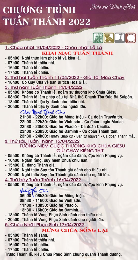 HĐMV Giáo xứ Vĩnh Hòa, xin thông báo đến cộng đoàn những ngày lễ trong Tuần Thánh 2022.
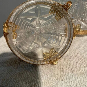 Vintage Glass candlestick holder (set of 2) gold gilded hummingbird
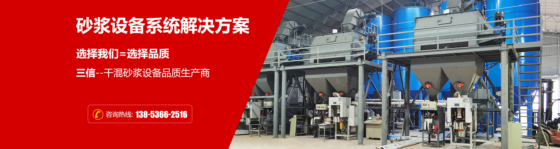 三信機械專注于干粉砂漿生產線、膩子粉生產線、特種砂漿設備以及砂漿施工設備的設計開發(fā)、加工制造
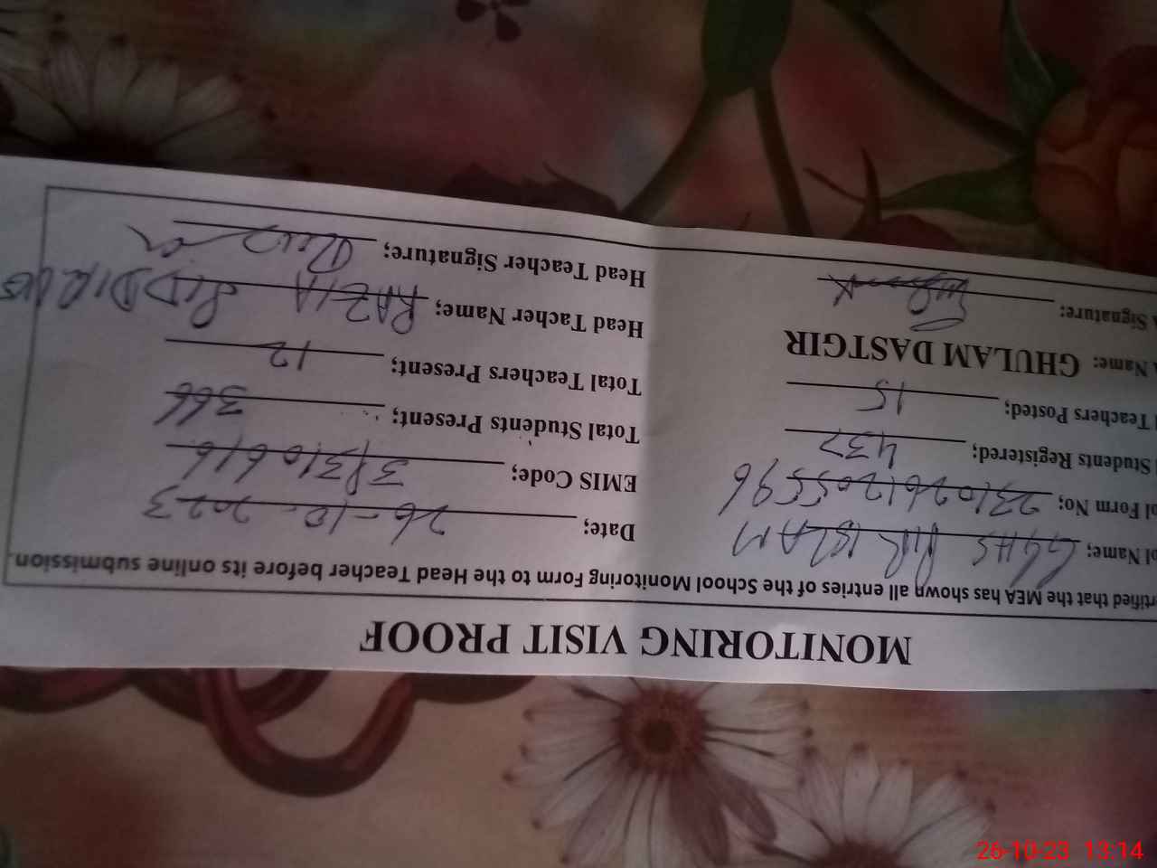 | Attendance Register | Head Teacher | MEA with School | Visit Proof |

YOUR INSTRUCTIONS => With the pictures omitted, write out exactly the lines from the one that contains "Vintage Glass candlestick" through the final line of the material above, both ends included.

RESULT FOR THIS TASK =>
 Vintage Glass candlestick holder (set of 2) gold gilded hummingbird
 三信機械專注于干粉砂漿生產線、膩子粉生產線、特種砂漿設備以及砂漿施工設備的設計開發(fā)、加工制造
 | Attendance Register | Head Teacher | MEA with School | Visit Proof |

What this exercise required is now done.